### About this task
Retype every line from the start of the entries below down to the line with "QuestMobile數據顯", both ends included; skip the pictures.

### Records for this task

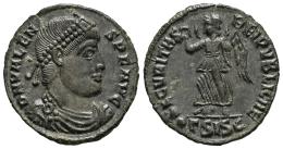 Valens. Centenionalis. 364-367 AD. Siscia. (Ric-IX 7b). Anv.: D N VALENS P F AVG, pearl-diademed, draped and cuirassed bust to right. Rev.: SECVRITAS REI PVBLICAE, Victory advancing to left, holding wreath and palm; •ΓSISC in exergue. Ae. 2,22 g. Scarce. XF. Est...50,00.
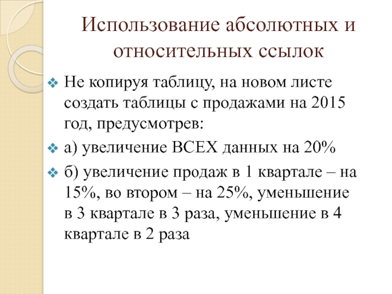Слайд 22Использование абсолютных и относительных ссылок
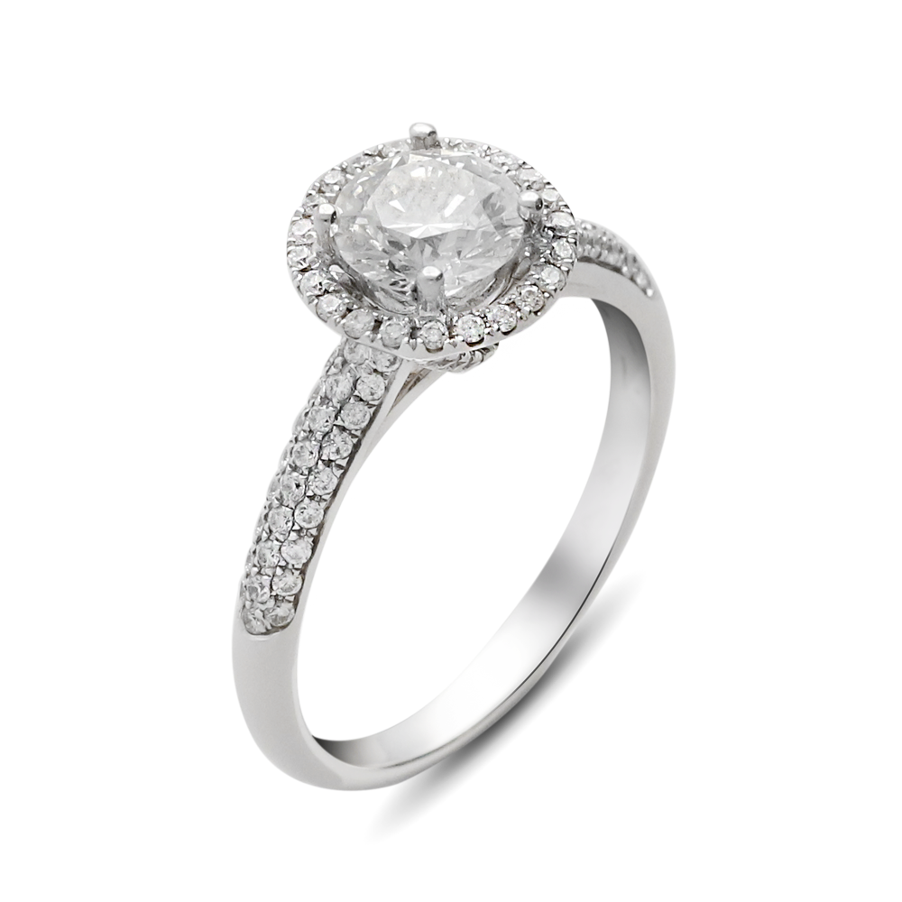 An 18ct white gold ring showcasing a round brilliant cut diamond secured in a 4-prong setting enhanced with a halo of diamonds offset with multiple rows of diamonds along the band on either side with a decorative gallery encrusted with diamonds.
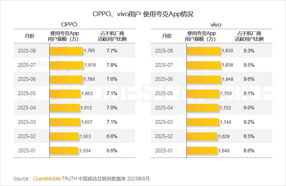 QuestMobile數據顯示,2025年8月,OPPO的小布記憶應用月活躍用戶規模是AI語音摘記的2倍;vivo的小V記憶應用是小V幫記的1.2倍。
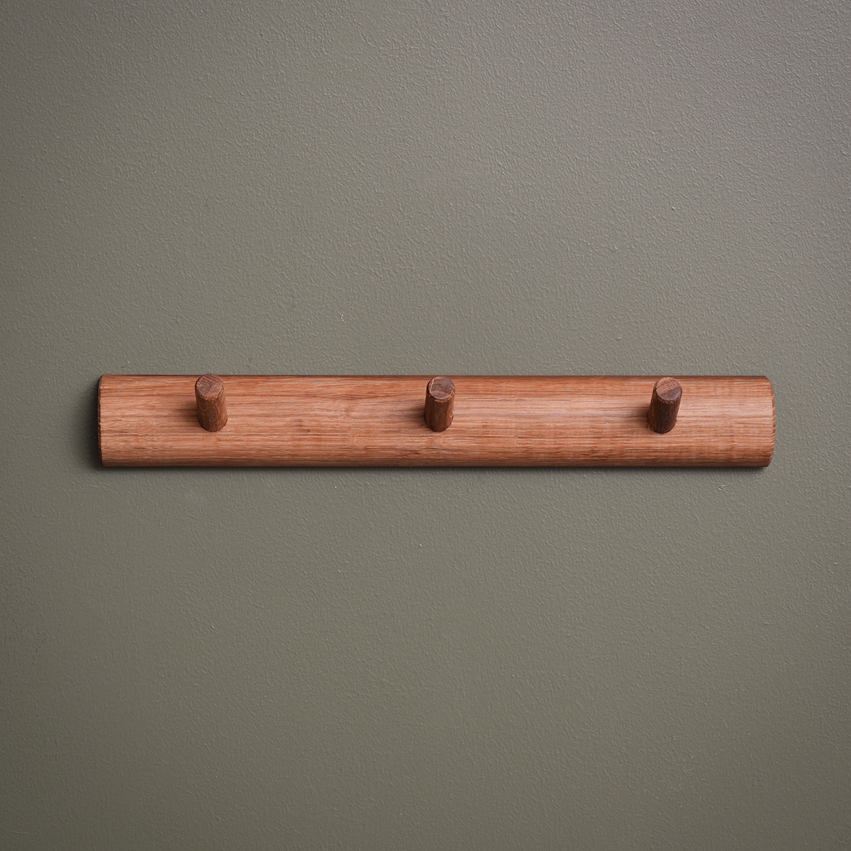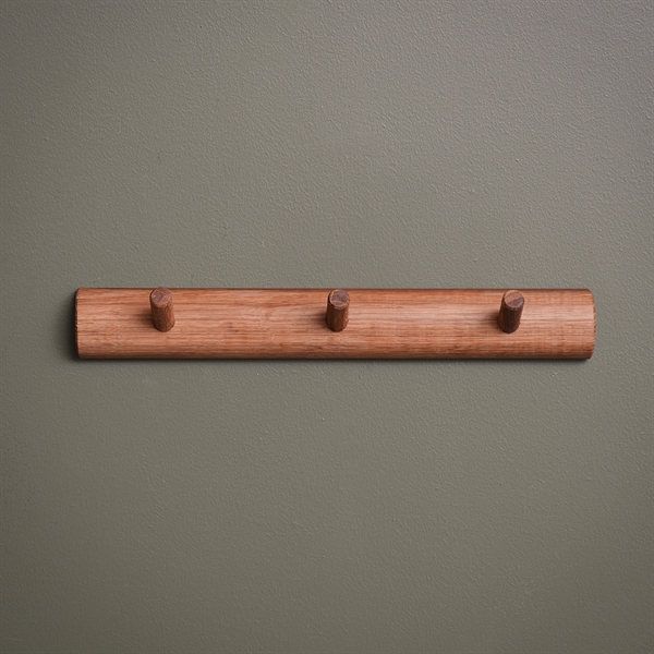 Den lille knage er lavet i ren egetræ med skjulte ophæng på bagsiden for et helt enkelt udtryk.

### Exercise output
 Valens. Centenionalis. 364-367 AD. Siscia. (Ric-IX 7b). Anv.: D N VALENS P F AVG, pearl-diademed, draped and cuirassed bust to right. Rev.: SECVRITAS REI PVBLICAE, Victory advancing to left, holding wreath and palm; •ΓSISC in exergue. Ae. 2,22 g. Scarce. XF. Est...50,00.
Слайд 22Использование абсолютных и относительных ссылок
 An 18ct white gold ring showcasing a round brilliant cut diamond secured in a 4-prong setting enhanced with a halo of diamonds offset with multiple rows of diamonds along the band on either side with a decorative gallery encrusted with diamonds.
 QuestMobile數據顯示,2025年8月,OPPO的小布記憶應用月活躍用戶規模是AI語音摘記的2倍;vivo的小V記憶應用是小V幫記的1.2倍。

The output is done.